The FDA publishes a public list of the devices that have been recalled for safety. In 2020 there were 23 devices that were recalled. If you or a loved one had a medical procedure using one of these devices and there were significant complications leading to a serious injury or death, you should contact an attorney that specializes in medical malpractice. See the chart at the bottom of this article for the full list of products recalled in 2020 by the FDA.

The following products resulted in patient deaths:

Trevo XP ProVue Retriever

Device type: The device is intended to restore blood flow or remove blood clots within a blood vessel in the brain during an acute ischemic stroke.

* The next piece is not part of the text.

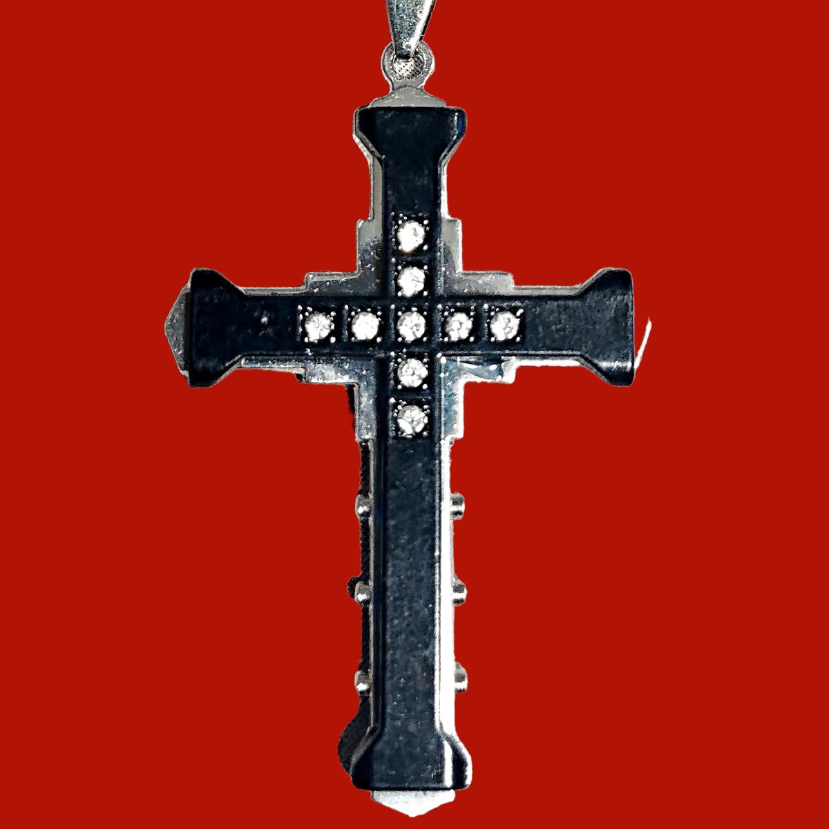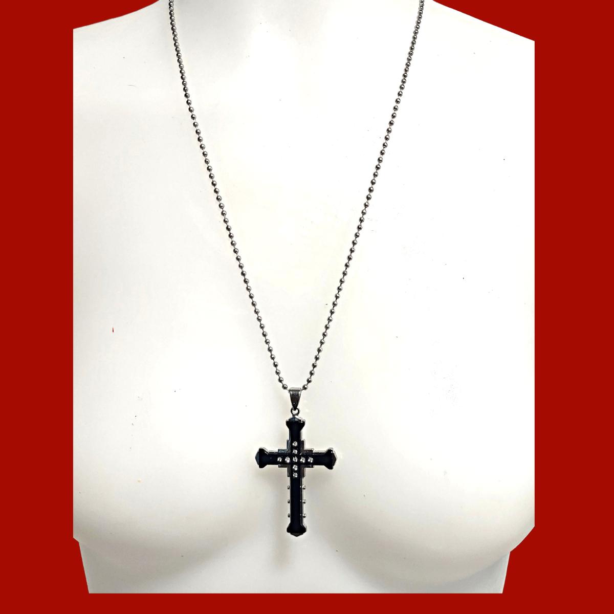 24" Stainless Steel Chain & Black Cross Pendant w/ Rhinestones

Reason for Recall: There is a risk the core wire may break or separate during use, causing the device to be left inside the patient's blood vessel or tissue. This could cause bleeding, additional blockage of blood vessels, disability, and death.

The Rashkind Balloon Septostomy Catheters

Device type: The catheters are used to create an atrial septal defect or to enlarge an existing atrial septal defect as a treatment option for patients with Cyanotic Congenital heart defects.

Reason for Recall: Device quality issues that may lead to the device breaking, separating or failing during use, which may cause serious damage to blood vessels (vascular injury) and death.

Alaris System Infusion Pumps

Device Type: An infusion pump and vital signs monitoring system. The system is used in adult, pediatric and neonatal care.

Reason for Recall: Various mechanical and hardware failures that can lead to injuries and death.

The Pipeline Flex Embolization Device ("Pipeline Flex")

Device Type: A permanent mesh cylinder (stent) intended for the treatment of brain aneurysms that bulge or balloon out the sides of the blood vessel (wide-neck and fusiform). It also includes the delivery system.

Reason for Recall: There is a risk the delivery system could fracture while placing the stent inside the patient. The remaining pieces or the attempts made to retrieve them can make the condition worse or can cause other problems, such as continued blockage of blood vessels, stroke, and death.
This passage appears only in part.